> [TASK REQUIREMENTS]
Although the listing below holds pictures, reproduce only its lines from the one containing "What we are" through the last, exactly and without them.

> [SOURCE DATA]

==================================================

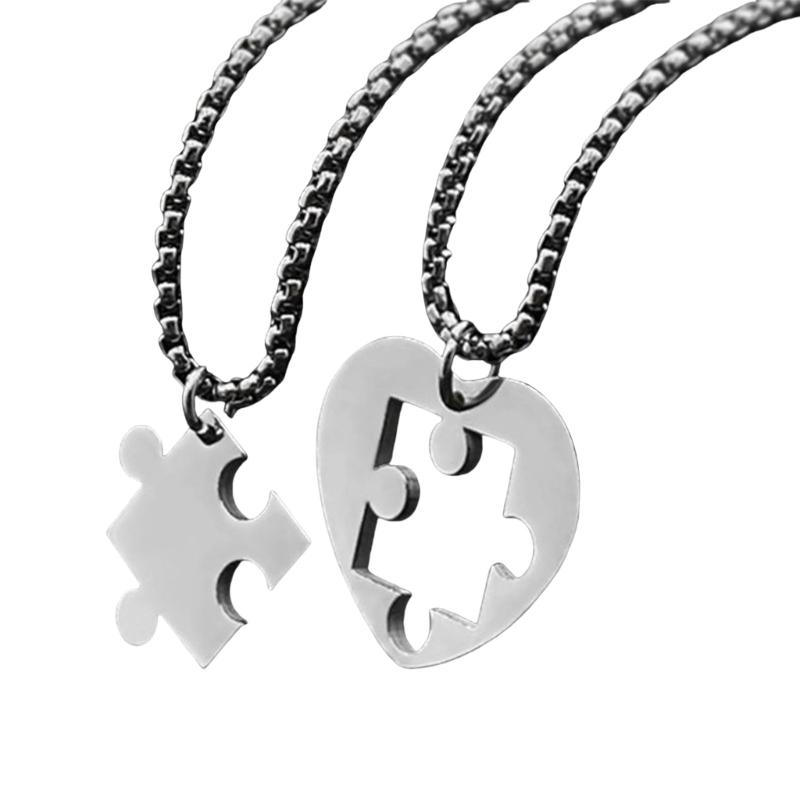 Heart Puzzle Pieces Couple Necklaces Sturdy Steel Heart Puzzle Pendant Necklaces Accessory for Couples Romance Gift
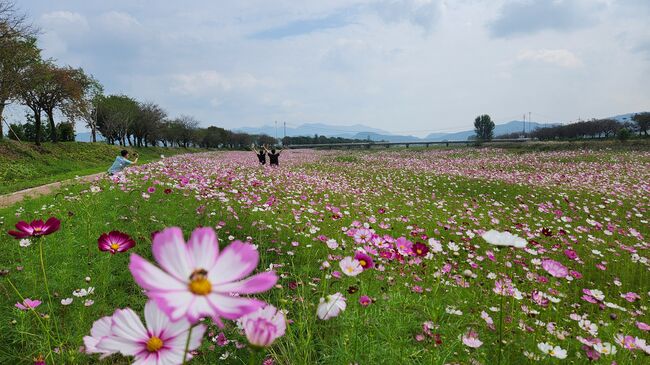 한들 거리는 코스모스를 등뒤로 사진을 한장 큐....
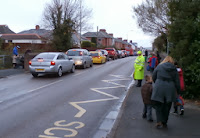 What we are interested in now is what happens outside the school gates. Are the roads next to the Dutch school suddenly filling up with cars, such as in this typical picture of the UK on the right? Do we hear engine noises and slamming car doors taking over? Do we see parents parking illegally on yellow lines, making erratic moves with their cars? Do we see a crossing patrol person plastered in high-visibility yellow turning up trying to keep order in this car mayhem?
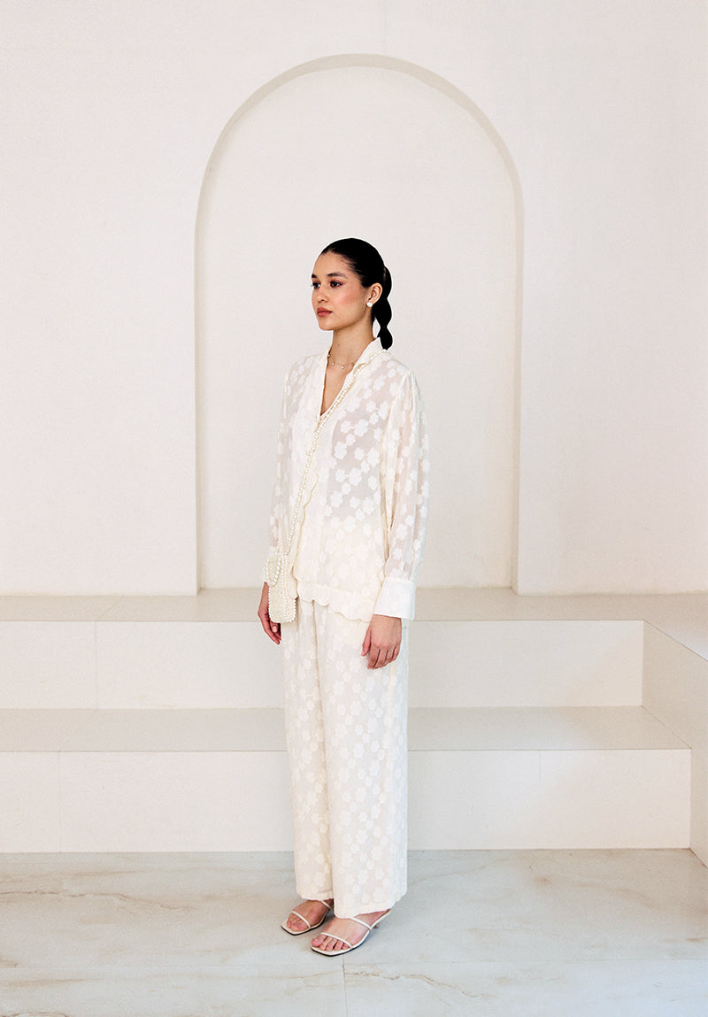 Pair it with our matching jacquard pants to complete the look. Dress it up with our beaded pearl phone bag.

==================================================

> [RESULT]
 What we are interested in now is what happens outside the school gates. Are the roads next to the Dutch school suddenly filling up with cars, such as in this typical picture of the UK on the right? Do we hear engine noises and slamming car doors taking over? Do we see parents parking illegally on yellow lines, making erratic moves with their cars? Do we see a crossing patrol person plastered in high-visibility yellow turning up trying to keep order in this car mayhem?
 Pair it with our matching jacquard pants to complete the look. Dress it up with our beaded pearl phone bag.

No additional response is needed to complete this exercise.